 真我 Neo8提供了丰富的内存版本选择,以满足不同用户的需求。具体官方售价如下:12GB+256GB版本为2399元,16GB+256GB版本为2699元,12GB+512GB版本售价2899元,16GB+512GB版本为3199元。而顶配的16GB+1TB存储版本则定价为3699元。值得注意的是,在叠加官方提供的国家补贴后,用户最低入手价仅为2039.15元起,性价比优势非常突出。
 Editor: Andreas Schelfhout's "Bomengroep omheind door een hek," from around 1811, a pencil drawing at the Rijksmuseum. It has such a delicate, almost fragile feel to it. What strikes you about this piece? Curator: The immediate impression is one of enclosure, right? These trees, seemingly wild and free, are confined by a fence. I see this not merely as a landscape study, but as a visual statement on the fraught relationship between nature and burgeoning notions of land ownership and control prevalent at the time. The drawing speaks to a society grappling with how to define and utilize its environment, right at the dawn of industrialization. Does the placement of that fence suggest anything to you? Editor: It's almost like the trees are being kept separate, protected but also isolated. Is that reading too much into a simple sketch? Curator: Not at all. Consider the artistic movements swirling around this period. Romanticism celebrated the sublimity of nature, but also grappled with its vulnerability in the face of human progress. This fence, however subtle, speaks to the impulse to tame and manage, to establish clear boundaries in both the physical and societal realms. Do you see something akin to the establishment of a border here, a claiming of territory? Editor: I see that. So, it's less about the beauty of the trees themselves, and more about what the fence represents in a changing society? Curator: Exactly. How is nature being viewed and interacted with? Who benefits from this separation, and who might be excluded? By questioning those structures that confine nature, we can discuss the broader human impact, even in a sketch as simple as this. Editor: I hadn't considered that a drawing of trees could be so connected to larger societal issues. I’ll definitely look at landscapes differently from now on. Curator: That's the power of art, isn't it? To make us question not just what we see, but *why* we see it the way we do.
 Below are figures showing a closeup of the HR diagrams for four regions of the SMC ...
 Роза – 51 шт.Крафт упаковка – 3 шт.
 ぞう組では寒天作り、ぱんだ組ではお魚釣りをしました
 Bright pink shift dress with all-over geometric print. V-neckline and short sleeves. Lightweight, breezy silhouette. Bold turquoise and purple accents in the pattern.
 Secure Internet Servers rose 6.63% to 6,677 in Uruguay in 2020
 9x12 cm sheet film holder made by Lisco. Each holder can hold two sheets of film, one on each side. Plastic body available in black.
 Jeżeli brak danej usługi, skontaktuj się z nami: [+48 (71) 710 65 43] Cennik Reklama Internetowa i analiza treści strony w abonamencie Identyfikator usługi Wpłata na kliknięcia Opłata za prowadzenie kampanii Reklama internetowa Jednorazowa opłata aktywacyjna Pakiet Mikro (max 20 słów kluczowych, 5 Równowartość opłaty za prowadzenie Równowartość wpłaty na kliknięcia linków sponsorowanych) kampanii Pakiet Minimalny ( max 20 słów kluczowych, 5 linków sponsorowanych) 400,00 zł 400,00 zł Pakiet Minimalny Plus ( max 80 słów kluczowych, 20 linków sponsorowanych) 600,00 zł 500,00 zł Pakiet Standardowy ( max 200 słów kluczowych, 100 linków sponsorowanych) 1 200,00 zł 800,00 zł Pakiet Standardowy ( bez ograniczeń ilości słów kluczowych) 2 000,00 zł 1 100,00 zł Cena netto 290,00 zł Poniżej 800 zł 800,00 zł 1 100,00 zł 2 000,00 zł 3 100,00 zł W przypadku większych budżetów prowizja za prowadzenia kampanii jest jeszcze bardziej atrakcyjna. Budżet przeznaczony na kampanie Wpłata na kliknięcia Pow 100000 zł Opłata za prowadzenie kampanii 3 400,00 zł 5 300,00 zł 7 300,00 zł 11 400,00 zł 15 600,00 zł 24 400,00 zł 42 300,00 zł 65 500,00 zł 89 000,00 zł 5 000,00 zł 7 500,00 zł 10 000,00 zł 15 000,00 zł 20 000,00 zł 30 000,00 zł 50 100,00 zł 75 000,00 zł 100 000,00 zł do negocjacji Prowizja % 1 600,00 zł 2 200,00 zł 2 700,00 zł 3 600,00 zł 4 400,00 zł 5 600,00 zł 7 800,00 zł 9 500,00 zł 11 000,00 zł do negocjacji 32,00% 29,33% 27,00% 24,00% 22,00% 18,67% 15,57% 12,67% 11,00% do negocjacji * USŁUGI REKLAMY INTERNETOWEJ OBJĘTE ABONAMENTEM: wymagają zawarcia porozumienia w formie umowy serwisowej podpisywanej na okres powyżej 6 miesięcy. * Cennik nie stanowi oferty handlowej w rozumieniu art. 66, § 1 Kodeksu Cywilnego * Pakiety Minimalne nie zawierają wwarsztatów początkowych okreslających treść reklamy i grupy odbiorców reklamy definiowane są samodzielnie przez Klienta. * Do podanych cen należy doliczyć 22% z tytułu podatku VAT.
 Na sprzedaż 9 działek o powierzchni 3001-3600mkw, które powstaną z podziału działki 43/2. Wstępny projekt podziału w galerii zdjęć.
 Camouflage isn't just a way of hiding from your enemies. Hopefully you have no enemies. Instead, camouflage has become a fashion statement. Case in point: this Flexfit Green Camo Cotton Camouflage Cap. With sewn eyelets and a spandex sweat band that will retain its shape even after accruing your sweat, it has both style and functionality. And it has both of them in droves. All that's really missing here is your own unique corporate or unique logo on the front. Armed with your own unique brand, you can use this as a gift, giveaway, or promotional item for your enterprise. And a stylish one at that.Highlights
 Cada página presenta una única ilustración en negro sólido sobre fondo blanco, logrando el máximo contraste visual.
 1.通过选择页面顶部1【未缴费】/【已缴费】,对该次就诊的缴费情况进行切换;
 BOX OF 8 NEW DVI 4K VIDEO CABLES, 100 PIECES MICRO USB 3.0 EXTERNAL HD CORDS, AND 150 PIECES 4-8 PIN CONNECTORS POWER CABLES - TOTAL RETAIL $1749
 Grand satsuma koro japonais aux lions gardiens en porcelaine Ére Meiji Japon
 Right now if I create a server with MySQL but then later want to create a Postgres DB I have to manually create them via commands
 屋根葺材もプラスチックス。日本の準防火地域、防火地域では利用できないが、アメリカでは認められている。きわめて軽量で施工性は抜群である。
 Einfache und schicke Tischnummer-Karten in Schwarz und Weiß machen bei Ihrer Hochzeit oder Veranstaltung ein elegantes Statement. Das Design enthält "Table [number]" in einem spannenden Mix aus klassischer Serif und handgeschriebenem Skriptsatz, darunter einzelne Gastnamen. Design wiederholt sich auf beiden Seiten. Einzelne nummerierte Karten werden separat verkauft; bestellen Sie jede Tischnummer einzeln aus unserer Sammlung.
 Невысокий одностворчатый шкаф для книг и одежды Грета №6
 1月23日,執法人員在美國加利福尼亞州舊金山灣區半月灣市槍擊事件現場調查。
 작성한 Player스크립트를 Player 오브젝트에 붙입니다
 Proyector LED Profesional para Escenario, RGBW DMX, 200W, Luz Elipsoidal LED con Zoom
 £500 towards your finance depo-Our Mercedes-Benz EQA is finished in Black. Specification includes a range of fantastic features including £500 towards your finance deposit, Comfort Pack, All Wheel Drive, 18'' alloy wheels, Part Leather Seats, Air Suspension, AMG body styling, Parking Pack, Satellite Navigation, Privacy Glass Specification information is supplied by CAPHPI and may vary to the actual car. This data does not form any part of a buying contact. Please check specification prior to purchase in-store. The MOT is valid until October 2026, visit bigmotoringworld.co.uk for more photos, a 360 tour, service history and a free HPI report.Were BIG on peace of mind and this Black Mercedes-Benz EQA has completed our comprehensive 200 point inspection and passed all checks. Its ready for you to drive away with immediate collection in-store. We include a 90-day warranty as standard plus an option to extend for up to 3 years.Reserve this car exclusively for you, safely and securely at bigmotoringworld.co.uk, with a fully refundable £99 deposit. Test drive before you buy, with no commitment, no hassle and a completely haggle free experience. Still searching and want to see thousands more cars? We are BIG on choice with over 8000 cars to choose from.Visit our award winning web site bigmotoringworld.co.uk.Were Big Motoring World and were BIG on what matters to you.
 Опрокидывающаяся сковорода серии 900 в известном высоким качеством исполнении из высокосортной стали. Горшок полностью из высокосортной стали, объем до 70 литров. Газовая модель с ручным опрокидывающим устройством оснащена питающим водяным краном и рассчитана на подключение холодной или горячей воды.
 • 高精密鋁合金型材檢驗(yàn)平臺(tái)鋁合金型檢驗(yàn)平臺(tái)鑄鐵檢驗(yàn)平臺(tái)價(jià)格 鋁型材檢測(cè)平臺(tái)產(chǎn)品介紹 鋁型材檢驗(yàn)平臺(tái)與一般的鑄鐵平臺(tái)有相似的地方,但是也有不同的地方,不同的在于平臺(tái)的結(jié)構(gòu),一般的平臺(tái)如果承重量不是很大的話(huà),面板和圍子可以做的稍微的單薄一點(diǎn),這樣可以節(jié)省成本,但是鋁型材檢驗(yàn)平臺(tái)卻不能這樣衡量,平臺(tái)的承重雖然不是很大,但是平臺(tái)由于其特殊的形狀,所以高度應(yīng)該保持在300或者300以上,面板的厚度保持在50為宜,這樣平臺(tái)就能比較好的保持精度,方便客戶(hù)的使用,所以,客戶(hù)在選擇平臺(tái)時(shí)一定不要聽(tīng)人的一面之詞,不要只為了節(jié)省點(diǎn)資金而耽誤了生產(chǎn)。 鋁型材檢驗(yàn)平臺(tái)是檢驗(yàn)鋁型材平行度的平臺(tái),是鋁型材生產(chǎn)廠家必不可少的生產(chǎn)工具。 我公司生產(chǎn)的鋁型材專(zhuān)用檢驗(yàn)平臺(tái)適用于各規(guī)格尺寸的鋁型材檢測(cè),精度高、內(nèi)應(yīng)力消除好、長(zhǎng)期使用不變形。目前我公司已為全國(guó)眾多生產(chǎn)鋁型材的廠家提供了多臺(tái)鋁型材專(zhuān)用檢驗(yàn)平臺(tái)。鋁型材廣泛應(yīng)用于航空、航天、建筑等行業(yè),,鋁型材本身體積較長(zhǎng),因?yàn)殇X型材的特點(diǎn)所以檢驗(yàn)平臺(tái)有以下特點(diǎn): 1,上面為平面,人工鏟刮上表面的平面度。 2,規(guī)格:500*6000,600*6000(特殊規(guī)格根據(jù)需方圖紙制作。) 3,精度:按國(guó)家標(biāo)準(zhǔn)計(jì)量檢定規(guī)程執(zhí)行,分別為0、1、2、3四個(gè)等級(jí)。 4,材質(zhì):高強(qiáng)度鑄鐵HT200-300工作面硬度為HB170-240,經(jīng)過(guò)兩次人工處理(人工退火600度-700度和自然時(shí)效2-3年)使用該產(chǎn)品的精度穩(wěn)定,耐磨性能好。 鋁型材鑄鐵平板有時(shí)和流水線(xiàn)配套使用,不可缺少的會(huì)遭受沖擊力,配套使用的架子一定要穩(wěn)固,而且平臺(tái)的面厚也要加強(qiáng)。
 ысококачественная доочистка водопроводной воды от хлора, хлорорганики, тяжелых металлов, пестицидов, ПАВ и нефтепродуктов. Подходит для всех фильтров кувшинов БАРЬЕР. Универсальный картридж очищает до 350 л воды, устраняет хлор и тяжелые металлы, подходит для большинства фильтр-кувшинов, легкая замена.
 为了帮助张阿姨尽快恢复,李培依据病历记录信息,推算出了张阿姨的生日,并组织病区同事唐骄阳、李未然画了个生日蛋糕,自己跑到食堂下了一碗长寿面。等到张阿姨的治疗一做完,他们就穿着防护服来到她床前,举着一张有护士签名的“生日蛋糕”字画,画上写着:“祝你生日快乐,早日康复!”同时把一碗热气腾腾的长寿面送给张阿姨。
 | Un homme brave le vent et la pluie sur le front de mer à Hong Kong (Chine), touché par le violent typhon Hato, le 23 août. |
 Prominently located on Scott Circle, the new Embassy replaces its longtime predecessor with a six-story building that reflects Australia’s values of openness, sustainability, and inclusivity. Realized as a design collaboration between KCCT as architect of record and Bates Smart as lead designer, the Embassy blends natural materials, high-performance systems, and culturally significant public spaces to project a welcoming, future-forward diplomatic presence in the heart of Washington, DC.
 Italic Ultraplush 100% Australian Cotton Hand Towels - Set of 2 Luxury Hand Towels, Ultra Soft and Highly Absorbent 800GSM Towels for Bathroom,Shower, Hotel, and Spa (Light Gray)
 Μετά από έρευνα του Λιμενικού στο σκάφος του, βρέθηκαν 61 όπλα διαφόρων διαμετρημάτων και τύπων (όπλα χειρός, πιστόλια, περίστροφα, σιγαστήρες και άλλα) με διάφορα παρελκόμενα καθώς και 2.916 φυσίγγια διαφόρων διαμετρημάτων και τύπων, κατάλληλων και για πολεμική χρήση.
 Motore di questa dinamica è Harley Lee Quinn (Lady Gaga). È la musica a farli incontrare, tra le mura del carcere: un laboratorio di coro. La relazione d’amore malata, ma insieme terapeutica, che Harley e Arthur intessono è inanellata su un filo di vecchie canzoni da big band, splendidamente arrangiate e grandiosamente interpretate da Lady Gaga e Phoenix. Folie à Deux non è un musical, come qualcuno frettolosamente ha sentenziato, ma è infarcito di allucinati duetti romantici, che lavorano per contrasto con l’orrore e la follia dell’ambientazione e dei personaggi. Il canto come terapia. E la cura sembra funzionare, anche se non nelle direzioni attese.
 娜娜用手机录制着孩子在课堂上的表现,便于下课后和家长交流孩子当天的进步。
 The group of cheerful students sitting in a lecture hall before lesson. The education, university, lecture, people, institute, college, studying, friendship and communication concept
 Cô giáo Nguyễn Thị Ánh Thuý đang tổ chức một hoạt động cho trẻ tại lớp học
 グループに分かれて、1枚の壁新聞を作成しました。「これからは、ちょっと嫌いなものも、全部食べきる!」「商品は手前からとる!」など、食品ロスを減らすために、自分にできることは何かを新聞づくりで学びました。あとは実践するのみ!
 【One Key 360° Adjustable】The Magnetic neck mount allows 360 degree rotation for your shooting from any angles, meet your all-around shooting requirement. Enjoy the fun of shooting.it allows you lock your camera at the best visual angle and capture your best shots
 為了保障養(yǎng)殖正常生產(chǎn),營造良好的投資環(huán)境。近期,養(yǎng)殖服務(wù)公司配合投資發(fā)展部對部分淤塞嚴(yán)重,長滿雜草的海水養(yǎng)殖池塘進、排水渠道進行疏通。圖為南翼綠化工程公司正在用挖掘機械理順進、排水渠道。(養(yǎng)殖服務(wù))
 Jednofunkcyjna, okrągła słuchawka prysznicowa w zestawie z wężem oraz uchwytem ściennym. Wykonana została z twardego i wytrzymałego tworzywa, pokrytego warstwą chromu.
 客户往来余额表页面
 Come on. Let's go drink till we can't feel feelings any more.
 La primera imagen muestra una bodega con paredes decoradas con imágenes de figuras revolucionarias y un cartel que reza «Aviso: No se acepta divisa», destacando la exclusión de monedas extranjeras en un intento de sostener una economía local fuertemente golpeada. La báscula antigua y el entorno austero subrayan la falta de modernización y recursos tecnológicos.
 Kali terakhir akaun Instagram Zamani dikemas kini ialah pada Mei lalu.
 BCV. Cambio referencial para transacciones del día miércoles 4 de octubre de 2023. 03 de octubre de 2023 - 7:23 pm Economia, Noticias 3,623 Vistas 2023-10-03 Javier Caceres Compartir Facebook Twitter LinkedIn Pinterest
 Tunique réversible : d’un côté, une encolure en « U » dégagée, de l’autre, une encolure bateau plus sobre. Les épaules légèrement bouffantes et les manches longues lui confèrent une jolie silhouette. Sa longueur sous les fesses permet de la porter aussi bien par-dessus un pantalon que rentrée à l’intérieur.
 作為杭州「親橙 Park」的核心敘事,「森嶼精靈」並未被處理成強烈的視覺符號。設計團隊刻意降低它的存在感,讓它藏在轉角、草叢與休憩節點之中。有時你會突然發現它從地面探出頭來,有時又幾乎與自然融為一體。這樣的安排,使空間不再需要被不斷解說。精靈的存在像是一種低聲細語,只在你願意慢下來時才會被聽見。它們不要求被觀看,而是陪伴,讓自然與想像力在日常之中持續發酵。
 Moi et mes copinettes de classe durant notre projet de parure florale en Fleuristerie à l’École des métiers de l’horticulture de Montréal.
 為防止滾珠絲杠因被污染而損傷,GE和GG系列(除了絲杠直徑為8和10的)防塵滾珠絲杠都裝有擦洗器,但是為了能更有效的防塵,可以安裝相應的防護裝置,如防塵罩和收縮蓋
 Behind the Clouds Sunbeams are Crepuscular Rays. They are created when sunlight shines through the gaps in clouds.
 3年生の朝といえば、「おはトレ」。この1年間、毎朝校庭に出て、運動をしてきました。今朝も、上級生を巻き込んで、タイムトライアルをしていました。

══════════════════════════════

## Prompt
Copy out precisely the lines from the line with "娜娜用手机录制着孩子在课堂上的表现,便于下课后和家长交流孩子当天的进步。" to the line with "The group of" in the material above, including those two lines and omitting all the rest.

## Task output
 娜娜用手机录制着孩子在课堂上的表现,便于下课后和家长交流孩子当天的进步。
 The group of cheerful students sitting in a lecture hall before lesson. The education, university, lecture, people, institute, college, studying, friendship and communication concept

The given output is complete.